Kit H. Ruppell said:


> -Gunsmith Cats


 
It's the Bean, isn't it?

And _Berserk_ plus _Vinland Saga_.


----------



## Deo (Jan 20, 2011)

There is only one manga.
And it is* Full Metal Alchemist.*


----------



## Attaman (Jan 20, 2011)

Deovacuus said:


> There is only one manga.
> And it is* Full Metal Alchemist.*


I respectfully disagree.


----------



## lupinealchemist (Jan 20, 2011)

I found it funny that the sequel to Jim Henson's Labyrinth is in manga form.


----------



## Taralack (Jan 20, 2011)

I've been recommended Vinland Saga many times, just haven't found the time to read it.

For me my favs are Fullmetal Alchemist and Rurouni Kenshin.


----------



## Willow (Jan 20, 2011)

I usually don't read manga, or I start and never finish. So I've read part of Fruits Basket and Gravitation. 

I started reading Black Butler and just finished volume 3. I'm waiting for my check so I can go look for volume 4, then I'll be caught up until like March. 
This is I plan on finishing, because it's pretty awesome. I should also finish out Fruits Basket too, the only reason I stopped reading that one was because I would never have money whenever the next volume came out. 

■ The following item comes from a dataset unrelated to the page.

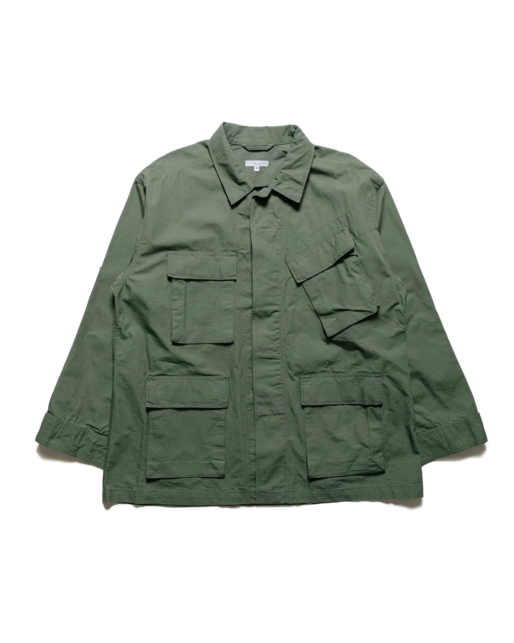 Updating the military classic, the BDU Jacket from Engineered Garments is a yearly piece that never fails to please! With custom EG detailing throughout such as an added storm flap and throat latch, this is a great mid layer piece to rock before the temperature rises or decreases. All we are saying is that this is the perfect transitional jacket! DETAILS - Throat latch - Concealed placket & internal storm flap - Flap gusseted chest pockets, angled on left - Flap gusseted hip pockets - Waist button tab adjusters - Adjustable button cuffs - 100% cotton - Made in USA - Model is 6'1" (186cm), 160lbs (73kg) and wearing M

But yea, I love Black Butler so far. Ciel is adorable. 

Edit: Somehow I forgot Death Note. I actually finished that one before watching the animu. 

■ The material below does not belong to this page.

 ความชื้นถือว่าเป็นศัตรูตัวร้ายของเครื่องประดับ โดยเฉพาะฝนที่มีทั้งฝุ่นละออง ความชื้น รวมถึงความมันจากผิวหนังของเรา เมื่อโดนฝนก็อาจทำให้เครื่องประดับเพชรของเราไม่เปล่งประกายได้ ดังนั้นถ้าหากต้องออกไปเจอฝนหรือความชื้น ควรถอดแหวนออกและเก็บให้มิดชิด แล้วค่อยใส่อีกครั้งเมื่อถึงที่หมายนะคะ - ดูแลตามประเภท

And I must confess, even though Fullmetal Alchemist is one of my all time favorite animes, I've never actually read the manga. I'll get to it eventually...


----------



## Xenke (Jan 20, 2011)

I hate mangos.

I used to read Naruto, but shit never ended. I read quite a bit of Rurouni Kenshin. A good chunk of FMA. I forget what else.


----------



## Bloodshot_Eyes (Jan 20, 2011)

lupinealchemist said:


> I found it funny that the sequel to Jim Henson's Labyrinth is in manga form.


 
I wanted to read that... :<
I liked that movie.


----------



## Goshujinsama (Jan 21, 2011)

Kodomo no Jikan
Welcome to the NHK
KissxSis
Rosario+Vampire
Code Geass: Lelouche of the Rebellion
Great Teacher Onizuka
Baka to test

anyway if you want to read lots and like me are broke or spend your money on other things check this site out. http://www.mangareader.net/


----------



## Dan Witty (Jan 23, 2011)

I have just recently gotten into manga. Fullmetal Alchemist of course, is awesome as all hell. I have been addicted since I discovered it. I am currently reading Deathnote as well.

[QUOTE="lupinealchemist']...the sequel to Jim Henson's Labyrinth is in manga form.[/QUOTE]

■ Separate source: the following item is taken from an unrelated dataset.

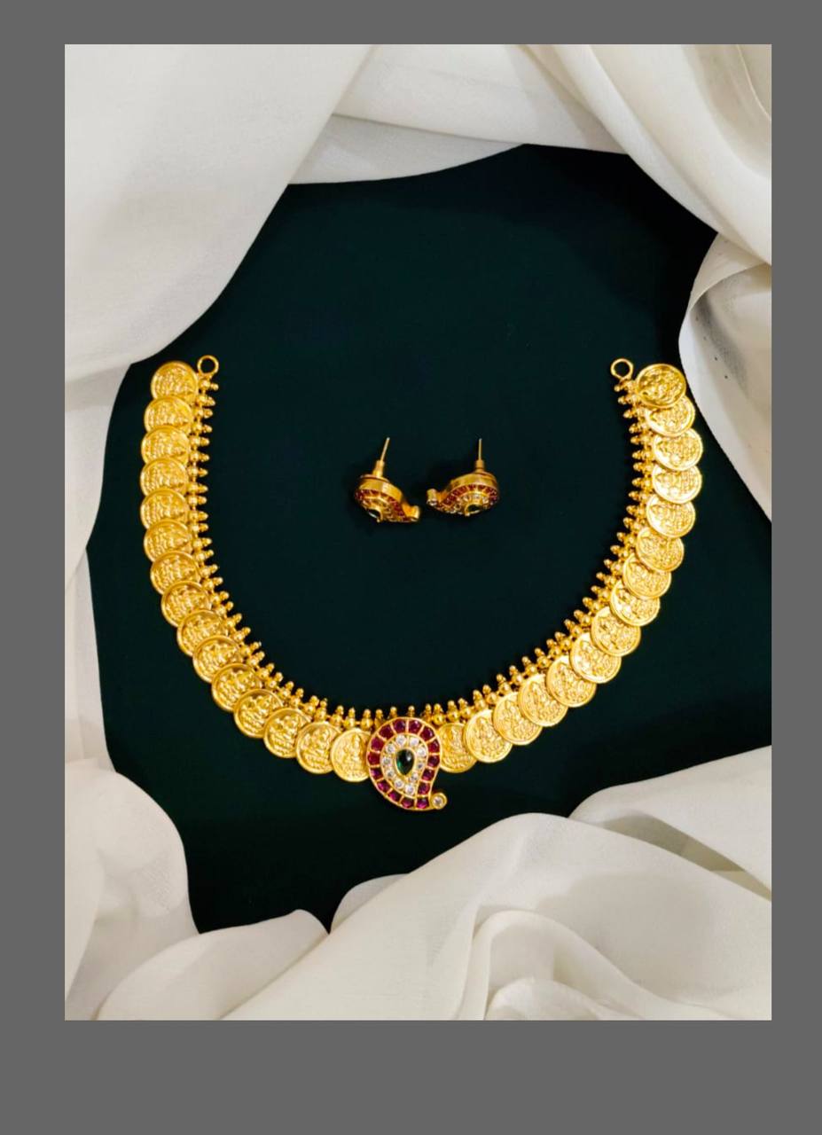 Antique finish kaasu neck piece with kempu mango pendant and pair of mango earrings

I am intrigued and excited. *hits up google and library site*


----------



## SilverBehemoth (Jan 23, 2011)

Well I've been kinda lagging behind on Mangas as of late, but these are the ones I'm currently reading.

07-Ghost
Akumetsu
Berserk
Dogs: Bullets & Carnage
High School of the Dead
Kurokami (Black God)


----------



## Fenrari (Jan 23, 2011)

Natsume Yuujinchou  

A lot of otherones are great but I'm still against paying for flimsy pieces of paper.


----------